Mexico City. In its fifth evaluation to be carried out in June 2025, the Financial Action Task Force (FATF) will focus on Mexico’s effectiveness in complying with the agency’s 40 recommendations to prevent money laundering and terrorist financing, reported the Financial Intelligence Unit (UIF) of the Ministry of Finance and Public Credit (SHCP).

“Mexico has a medium, acceptable rating in terms of technical compliance, but we have been questioned more in terms of effectiveness,” the UIF said.

“The country has a medium, acceptable rating in terms of technical compliance, we have been questioned more in terms of effectiveness. How many cases has the Attorney General’s Office opened in terms of money laundering? How many of those cases have been prosecuted? How many sentences have been obtained, among those, how many convictions? That speaks to the effectiveness of a system,” he commented.
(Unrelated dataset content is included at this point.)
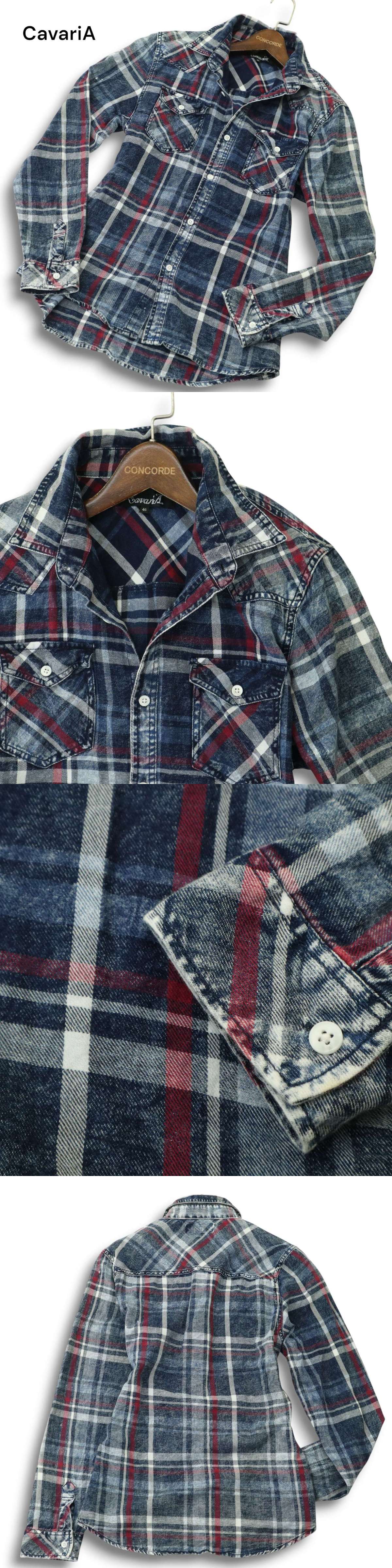 CavariA キャバリア 通年 ウォッシュ加工★ 長袖 ウエスタン インディゴ チェック シャツ Sz.46 メンズ A5T02611_3#C 收藏

At the 22nd Convention of the National Association of Currency Exchange Centers and Money Transmitters, the UIF highlighted that Mexico is emerging from an intensified monitoring process, which was due to a difference between regulation of the financial sector and the sector of vulnerable activities that still lacks regulations.

These activities include gambling, contests and raffles, prepaid cards, electronic wallets, construction services, marketing of works of art, vehicles, jewelry and virtual asset operations, among others.

“The FATF will come to ask us how we are doing with our laws, and will review that our regulations have incorporated the recommendations. It will come to ask us about technical compliance, but it will put greater emphasis on effectiveness,” the agency said.

In addition, the FATF will place greater emphasis on Mexico’s risk context.

“There are countries that, while they have not incorporated some FATF rules in a relevant way, they also do not have a context that presents a risk related to them,” he said.

For example, a country that has restricted the use of virtual assets does not have a risk of having an instrument that could become money laundering, the UIF explained.

Mexico’s evaluation will begin in June 2025 and end in October 2026, when a rating will be obtained and the areas that need strengthening will be determined.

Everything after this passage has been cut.